Speak to be understood

No matter how grounded you are, it’s very easy for emotions to become tangled up in a discussion. This leads you to make the problem worse, your ego gets into it, and you start trying to convince everybody else of how hard it would be to change your position on an issue. Which makes it harder to change your position when a better idea comes up, which happens constantly.

A strategy I like to combat this is being aggressively cooperative. Don’t roll over to whatever some other stakeholder wants, and don’t make concessions for the sake of the relationship. Be tough, but make sure it’s on the problem you’re all trying to solve, not on the other person. This is where the shared experiences and the precedent you’ve set can be incredibly valuable, because you can be concrete about your requirements while being flexible about how they happen. You can shift your thinking on how to implement something without losing face or giving ground.

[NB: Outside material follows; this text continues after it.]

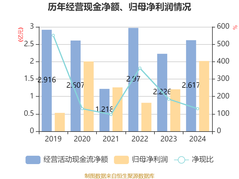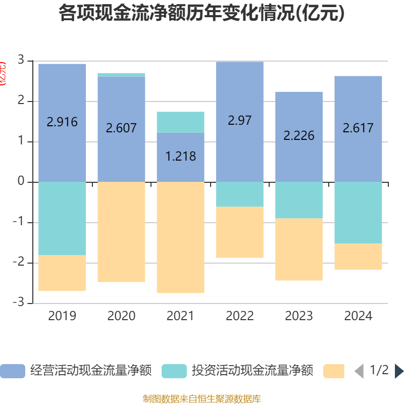 截至2024年,公司经营活动现金流净额为2.62亿元,同比增长17.59%;筹资活动现金流净额-6453.82万元,同比增加8891.74万元;投资活动现金流净额-1.53亿元,上年同期为-9077.1万元。
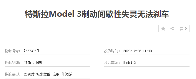 这一位特斯拉Model 3车主更是表示,自己购车后不久就出现了间歇性失灵无法刹车的情况,对于一台才买1个多月的新车,就有如此之问题,也不知道国产后的特斯拉Model 3是如何把控的品质,并且,还都不是小问题,好在没有出现人员事故。在这里小编想说,对于新能源汽车,我们不少朋友觉得,续航问题是新能源汽车的最大弊端,而燃油车就不存在这一问题,没有了随处可见的加油站,开进去加个油又能继续行驶,抛开续航充电问题不说,新能源汽车出现故障也相对更为麻烦,维修费用也较为高昂,所以,我们在选择的时候,一定要多综合自身购车需求考虑。

Thinking about Windows of opportunity and their three streams can help you be flexible on this. Usually, the problem and political streams are relatively fixed, though [[problem framing]] can help. More frequently, switching the solution can shift the alignment of your three streams and create an opportunity.

If you don’t stay flexible, it’s easy to become invested and go into a meeting talking like you’re trying to win a debate, by scoring points on the other person or convincing some third party who isn’t even there. Try to think about really speaking to be understood, rather than to win.

Similarly, if somebody has a concern that you think is off topic or misplaced, don’t ignore it. They’ll just keep worrying about it and bringing it up, thinking you haven’t heard them or understood. Write it down somewhere, ask somebody to make a note of it before you move on. Sometimes it’s useful, sometimes it’s not, but you’ll never get anywhere until you demonstrate you understand them.

References

Fisher, Roger, and William Ury. Getting to Yes: Negotiating Agreement without Giving In. Edited by Bruce Patton, Third edition, Revised edition, Penguin Books, 2011.